--- ENTRIES SUPPLIED ---

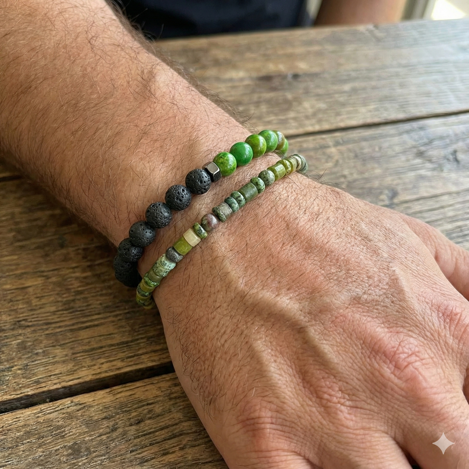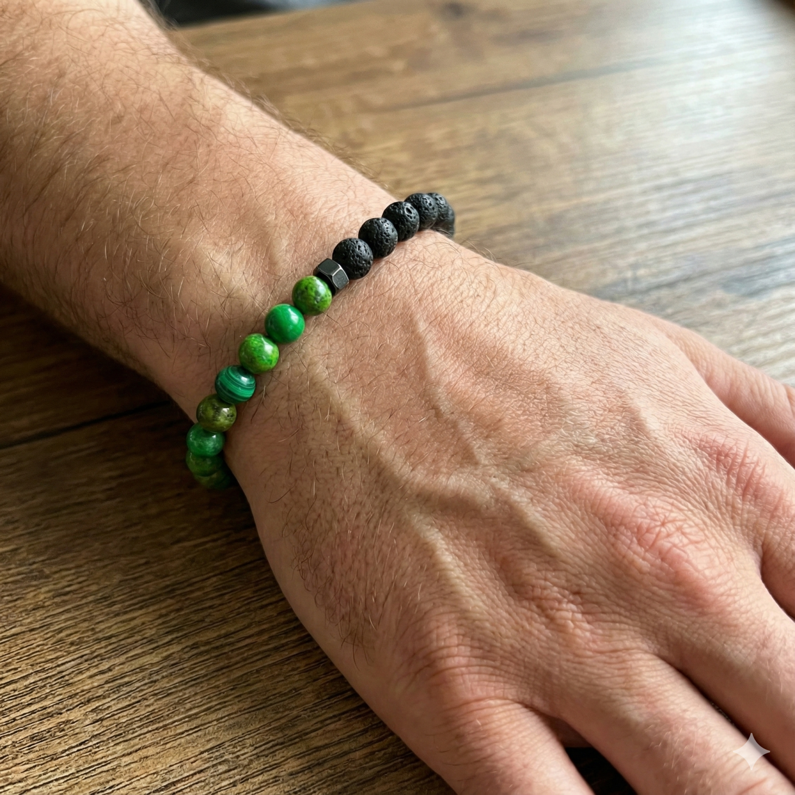 צמיד שנשזר בעבודת יד מאבני טורקיז ירוקות ואבני לבה שחורות, עם אלמנט המטייט מתכתי להשלמת המראה.
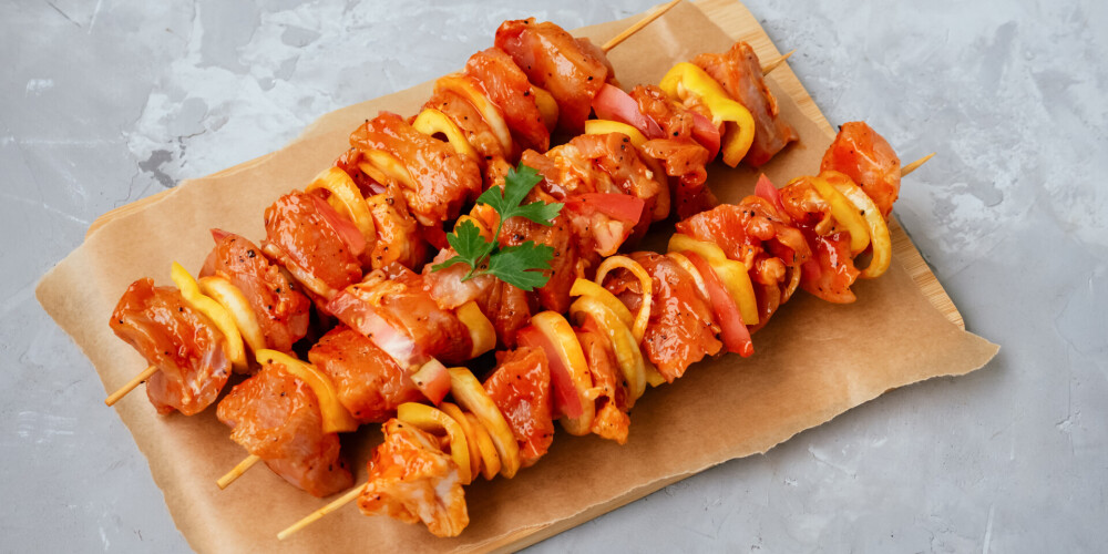 Šašliks tomātu un sīpolu marinādē
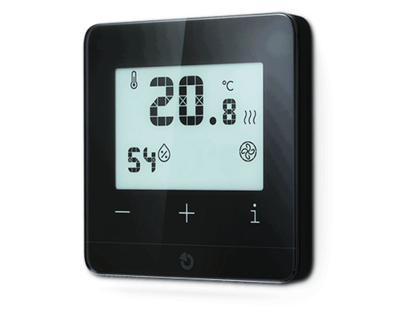 Lokální ovládání již nemůže být jednodušší. Tlačítky plus a mínus se nastavuje požadovaná teplota, tlačítko „i“ pak umožňuje přepínat mezi zobrazením měřených teplot prostoru, podlahy a nastavené teploty. Žádné složité programování ani komplikovaná menu.
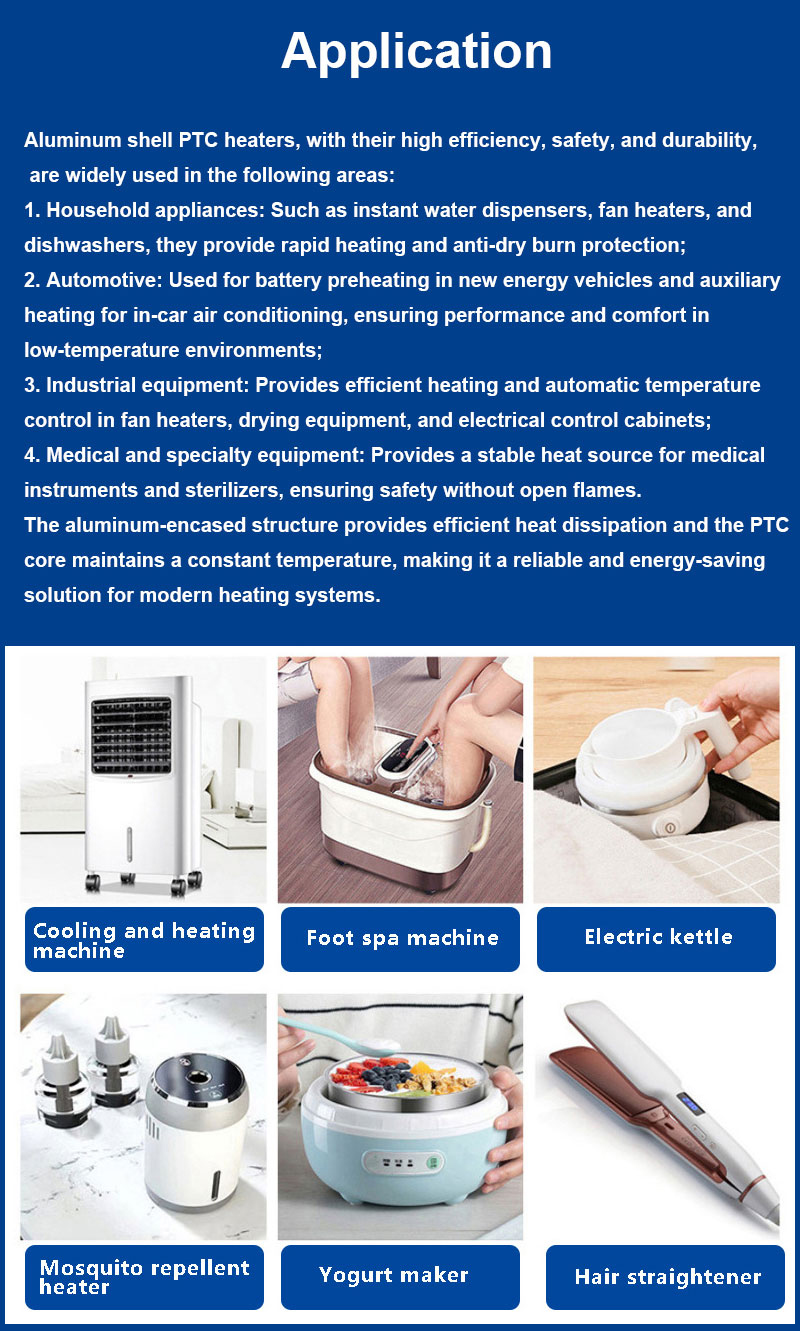 Grazie alla loro sicurezza, efficienza e durata, i riscaldatori PTC con guscio in alluminio sono ampiamente utilizzati in:
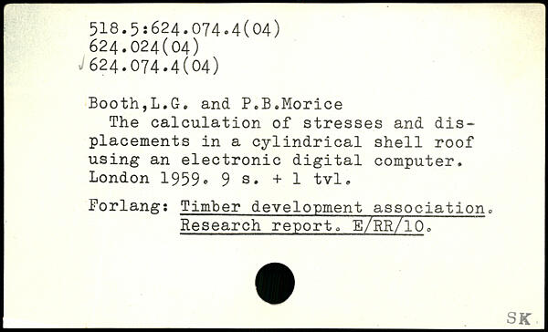 The calculation of stresses and displacements in a cylindrical shell roof using an electronic digital computer.
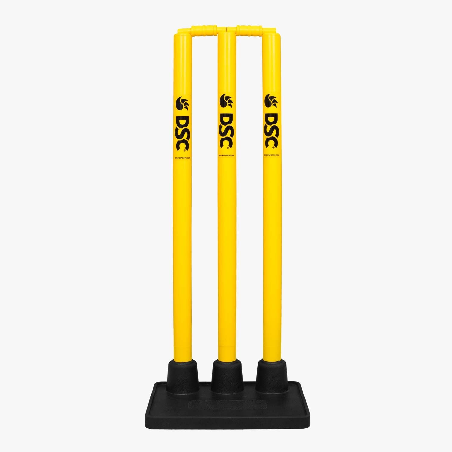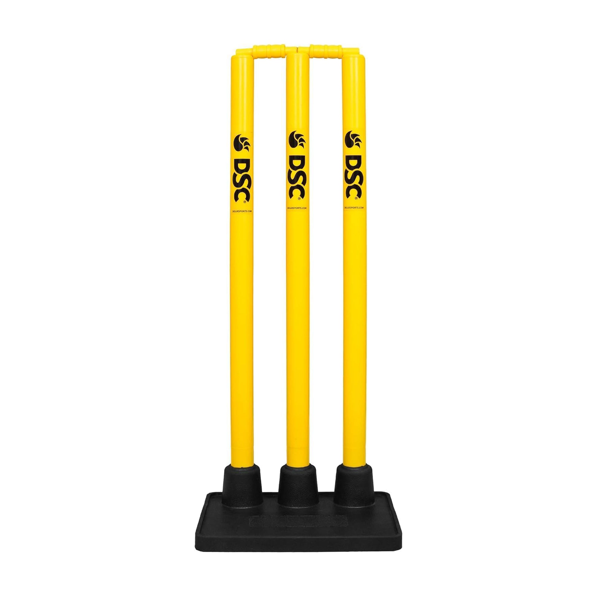 DSC PLASTIC STUMPS SET WITH RUBBER BASE (3 Stumps, 2 Bails ; 1 Base) CRICKET STUMPS SET - MENS-2024
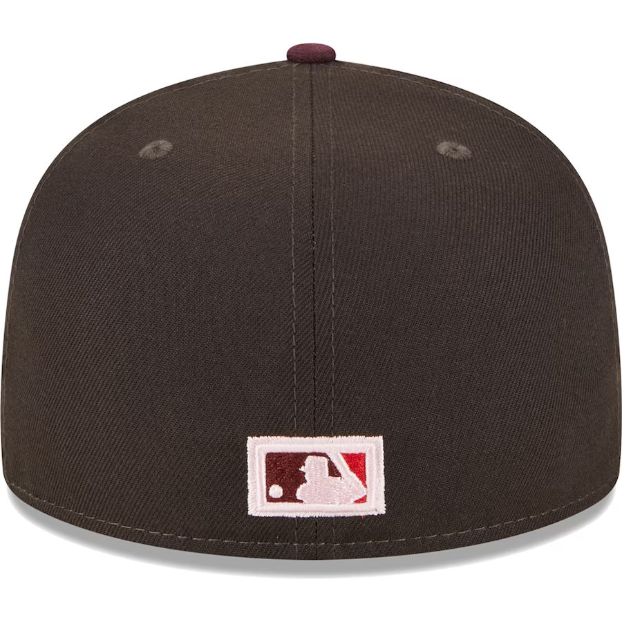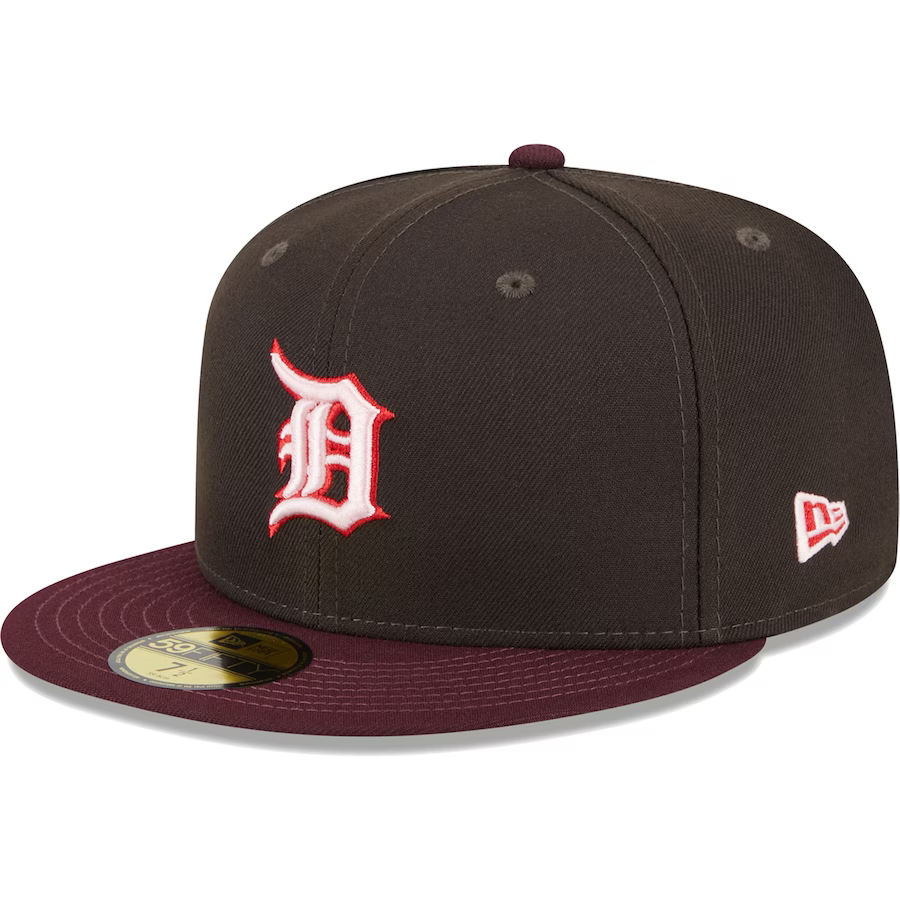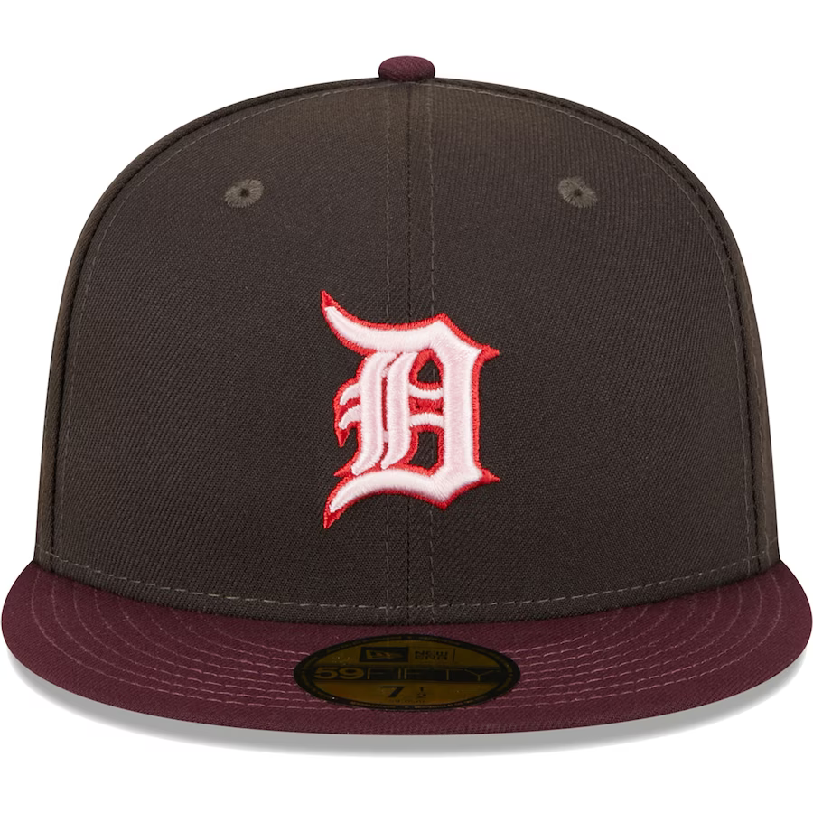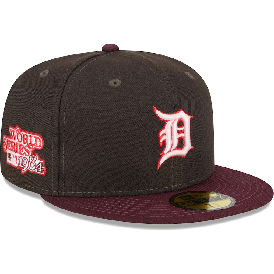 Upgrade your collection of Detroit Tigers gear with this tasteful addition – the Chocolate Strawberry 59FIFTY hat from New Era. This hat boasts the team's logo embroidered on the front and features a celebratory patch on the right side. Its fitted design ensures a perfect fit, while the red undervisor adds a pop of color, giving it a unique and eye-catching look. Perfect for game day outfits, this hat is a must-have accessory for any fan.

---

● **REQUIREMENT**
A faithful, word-for-word copy of the records above, pictures left out, is the answer.

● **EXPECTED OUTPUT**
 צמיד שנשזר בעבודת יד מאבני טורקיז ירוקות ואבני לבה שחורות, עם אלמנט המטייט מתכתי להשלמת המראה.
 Šašliks tomātu un sīpolu marinādē
 Lokální ovládání již nemůže být jednodušší. Tlačítky plus a mínus se nastavuje požadovaná teplota, tlačítko „i“ pak umožňuje přepínat mezi zobrazením měřených teplot prostoru, podlahy a nastavené teploty. Žádné složité programování ani komplikovaná menu.
 Grazie alla loro sicurezza, efficienza e durata, i riscaldatori PTC con guscio in alluminio sono ampiamente utilizzati in:
 The calculation of stresses and displacements in a cylindrical shell roof using an electronic digital computer.
 DSC PLASTIC STUMPS SET WITH RUBBER BASE (3 Stumps, 2 Bails ; 1 Base) CRICKET STUMPS SET - MENS-2024
 Upgrade your collection of Detroit Tigers gear with this tasteful addition – the Chocolate Strawberry 59FIFTY hat from New Era. This hat boasts the team's logo embroidered on the front and features a celebratory patch on the right side. Its fitted design ensures a perfect fit, while the red undervisor adds a pop of color, giving it a unique and eye-catching look. Perfect for game day outfits, this hat is a must-have accessory for any fan.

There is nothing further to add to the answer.